| TASK ITEM |
Below this line are records; write out exactly the lines from the one containing "Die linke Frau" through the one containing "图2、9.2号建材馆里,91免费版视频陶瓷展位人气极旺", with the pictures left out.

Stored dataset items
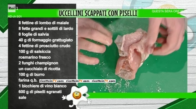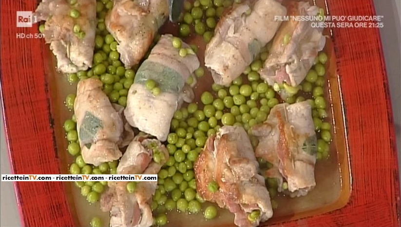 - 8 fettine di lombo di maiale, 8 fette grandi e sottili di lardo, 8 foglie di salvia, 40 g formaggio grattugiato, 4 fettine di prosciutto crudo, 100 g salsiccia, rosmarino, 2 funghi champignon, un cucchiaio di ricotta, 100 g burro, farina, 1 bicchiere di vino bianco, 600 g piselli, sale
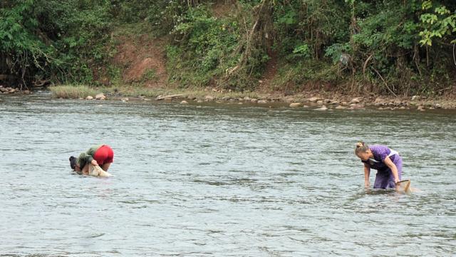 Die linke Frau hat eine Taucherbrille um besser unter Wasser zu sehen.
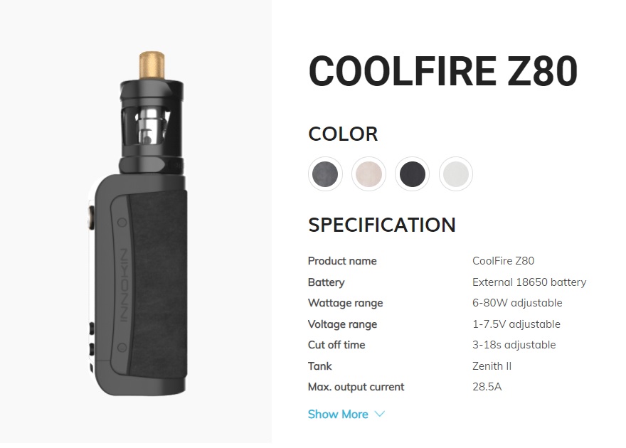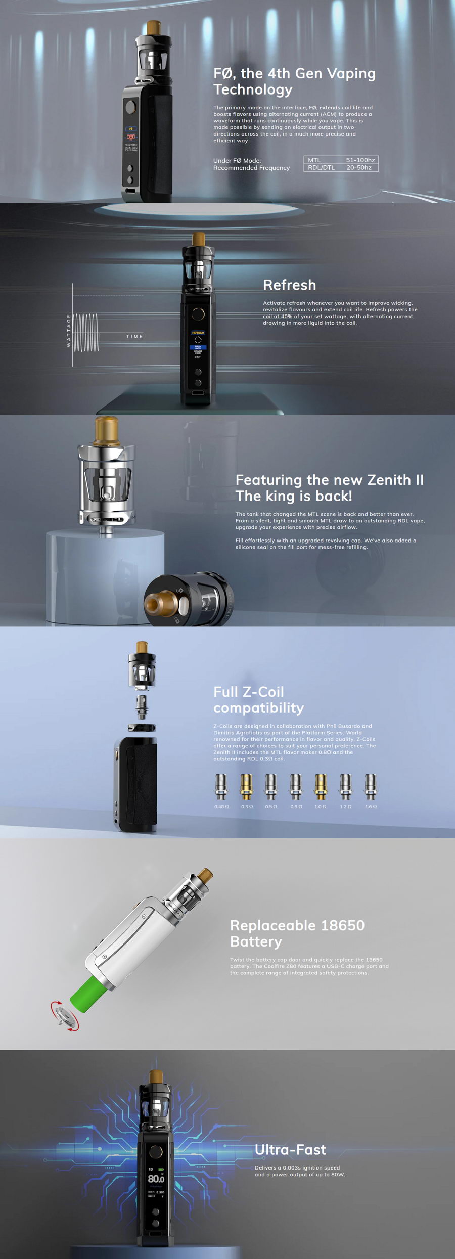 Innokin Coolfire Z80 + Zenith II Kit. Zenith II, unaprijeđena verzija planetarno popularnih Zenith i Zenith Pro isparivača, spojena sa Coolfire Z80 baterijskim modom nove generacije, daje kombinaciju koja je veoma jednostavna za korištenje, ali svojim performansama osigurava užitak kako apsolutnim početnicima tako i naprednim vaperima.
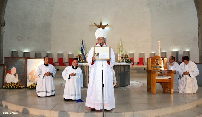 Su Eminencia Reverendísima Cardenal Leopoldo Brenes al iniciar la Santa Misa en la Catedral Metropolitana de Managua, expresó que Nicaragua se llena de regocijo con la canonización de los nuevos santos Juan Pablo II y Juan XXIII, a quienes considera “pilares fundamentales” de la Iglesia Católica.
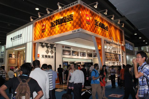 图2、9.2号建材馆里,91免费版视频陶瓷展位人气极旺
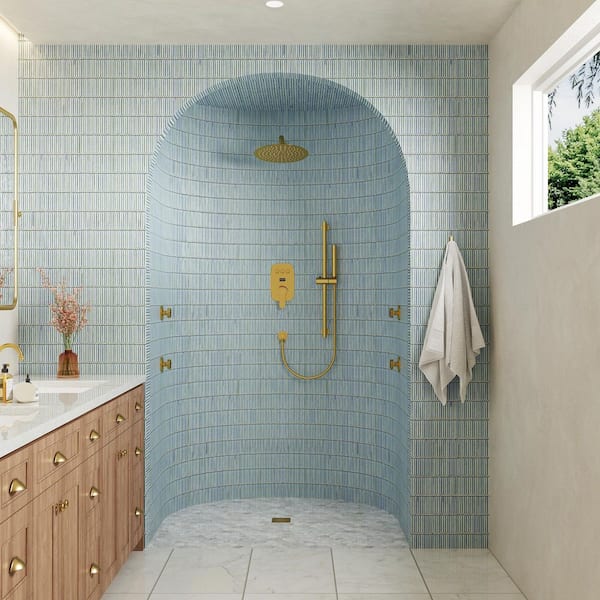 Digital Display 3-Function Single Handle 3-Spray Dual Shower Faucet 2.5 GPM with Body Spray in Brushed Gold
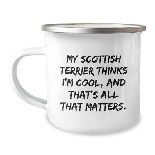 Funny Scottish Terrier Dog Gifts from Men to Friends - My Scottish Terrier Thinks I'm Cool Mug for Birthday with Scottish Terrier Dog Quote, Camping Mug
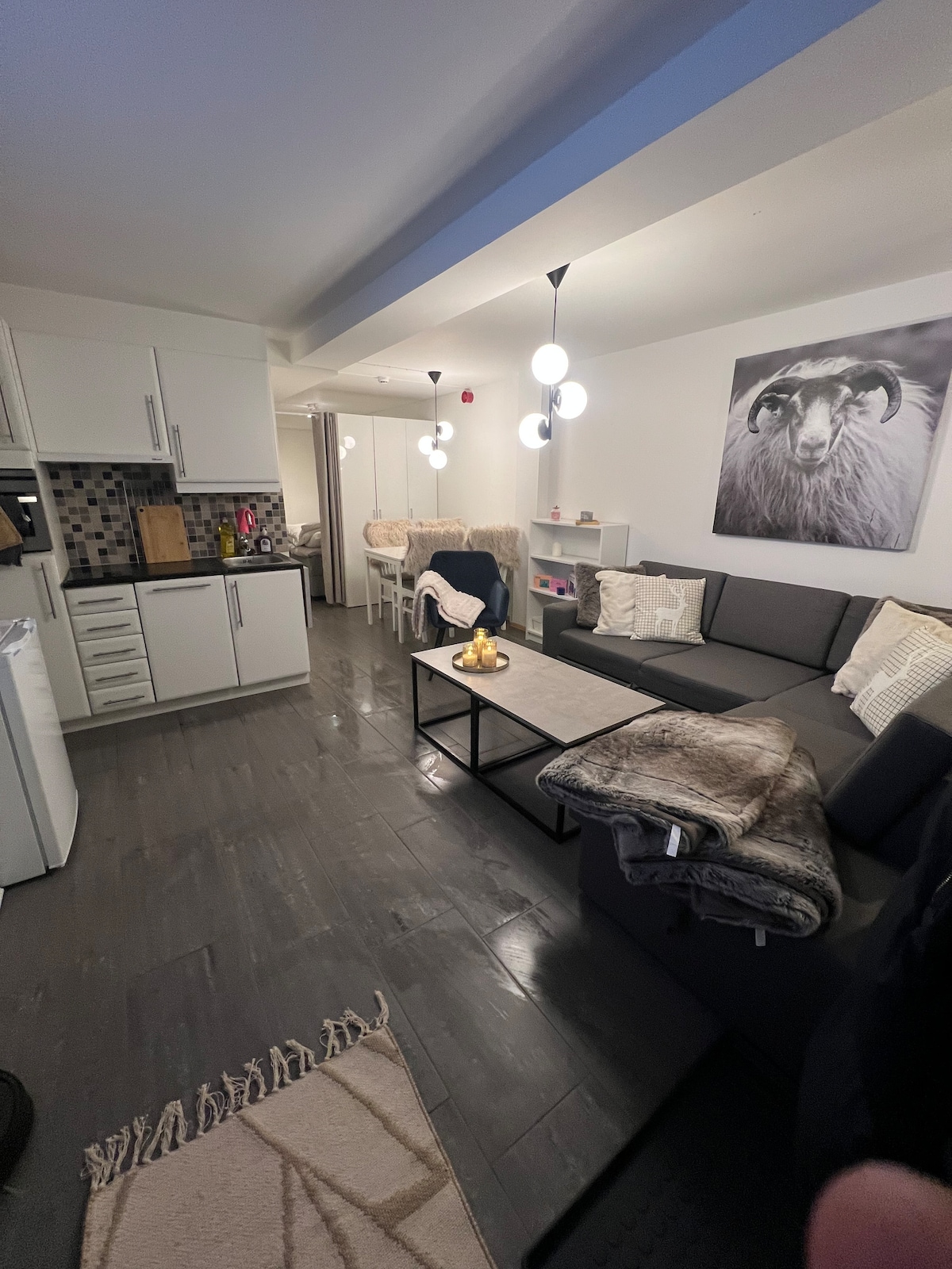 Vă invităm la apartamentul nostru mobilat frumos și confortabil, situat la 1000 de metri de centrul orașului Flåm și de toate atracțiile principale. Apartamentul are aproximativ 16 metri pătrați și include: - dormitor cu pat dublu - chicinetă cu frigider, aragaz, mașină de spălat vase, facilități pentru cafea și ceai și alte ustensile de bucătărie și alte ustensile de bucătărie. - baie cu duș - TV, WiFi - parcare cu spațiu limitat (te rugăm să ne spui în avans dacă ai nevoie de un loc de parcare) Animale acceptabile
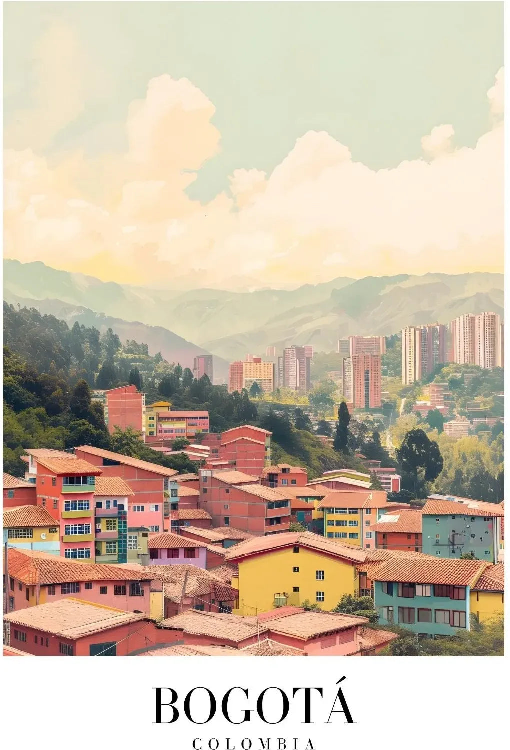 استمتع بالسحر الثقافي لمدينة بوغوتا الكولومبية من خلال هذه اللوحة الفنية المعبرة.
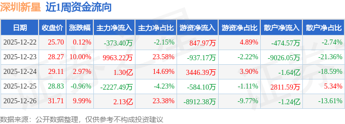 资金流向数据方面,本周深圳新星主力资金合计净流入4.17亿元,游资资金合计净流出6139.29万元,散户资金合计净流出3.55亿元。本周资金流向一览见下表:
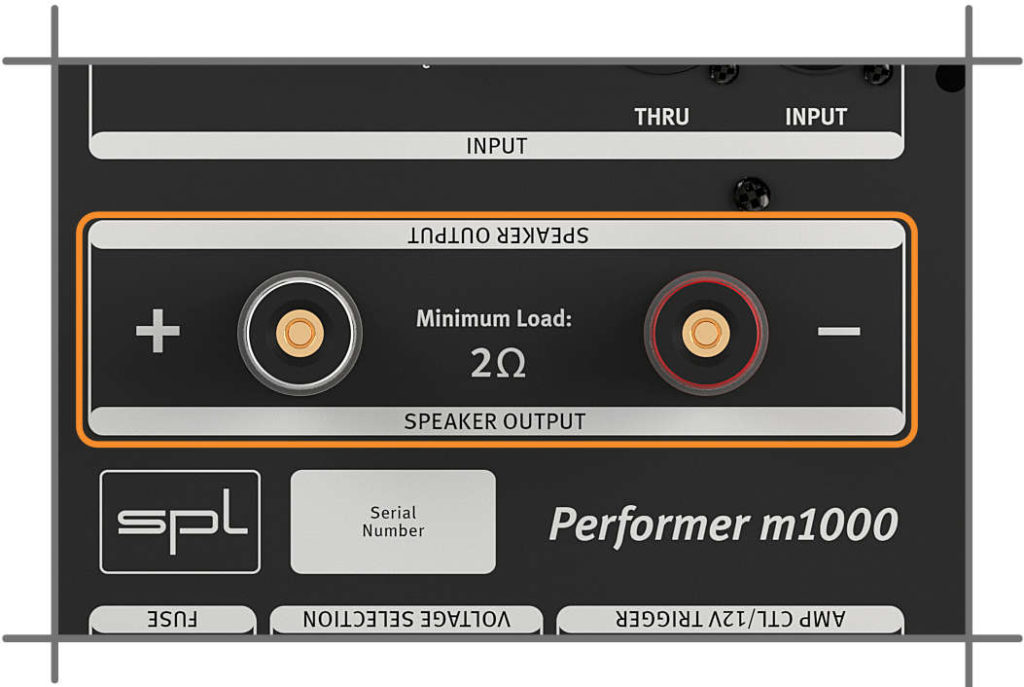 Die Lautsprecher-Polklemmen können sowohl Bananenstecker als auch eine Litze mit bis zu 4mm Durchmesser aufnehmen. Für den Bi-Wiring-Betrieb können beide Anschlussarten gemeinsam genutzt werden. Es darf kein Lautsprecher mit weniger als 2 Ohm Impedanz angeschlossen werden.
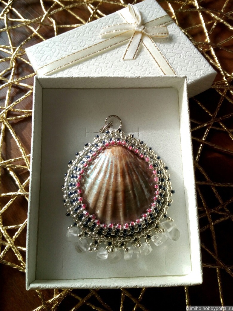 бисер чехия, ракушка натуральная, кожа искусственная, горный хрусталь
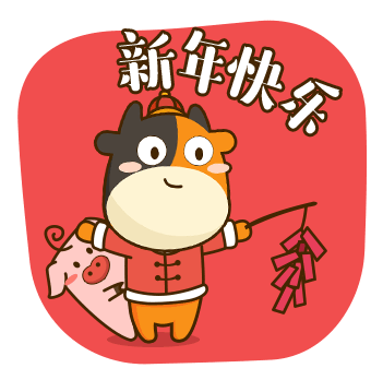 Tuniu character in traditional attire lights firecrackers with a piglet, celebrating Chinese New Year with joy.

| EXERCISE RESULT |
 Die linke Frau hat eine Taucherbrille um besser unter Wasser zu sehen.
 Innokin Coolfire Z80 + Zenith II Kit. Zenith II, unaprijeđena verzija planetarno popularnih Zenith i Zenith Pro isparivača, spojena sa Coolfire Z80 baterijskim modom nove generacije, daje kombinaciju koja je veoma jednostavna za korištenje, ali svojim performansama osigurava užitak kako apsolutnim početnicima tako i naprednim vaperima.
 Su Eminencia Reverendísima Cardenal Leopoldo Brenes al iniciar la Santa Misa en la Catedral Metropolitana de Managua, expresó que Nicaragua se llena de regocijo con la canonización de los nuevos santos Juan Pablo II y Juan XXIII, a quienes considera “pilares fundamentales” de la Iglesia Católica.
 图2、9.2号建材馆里,91免费版视频陶瓷展位人气极旺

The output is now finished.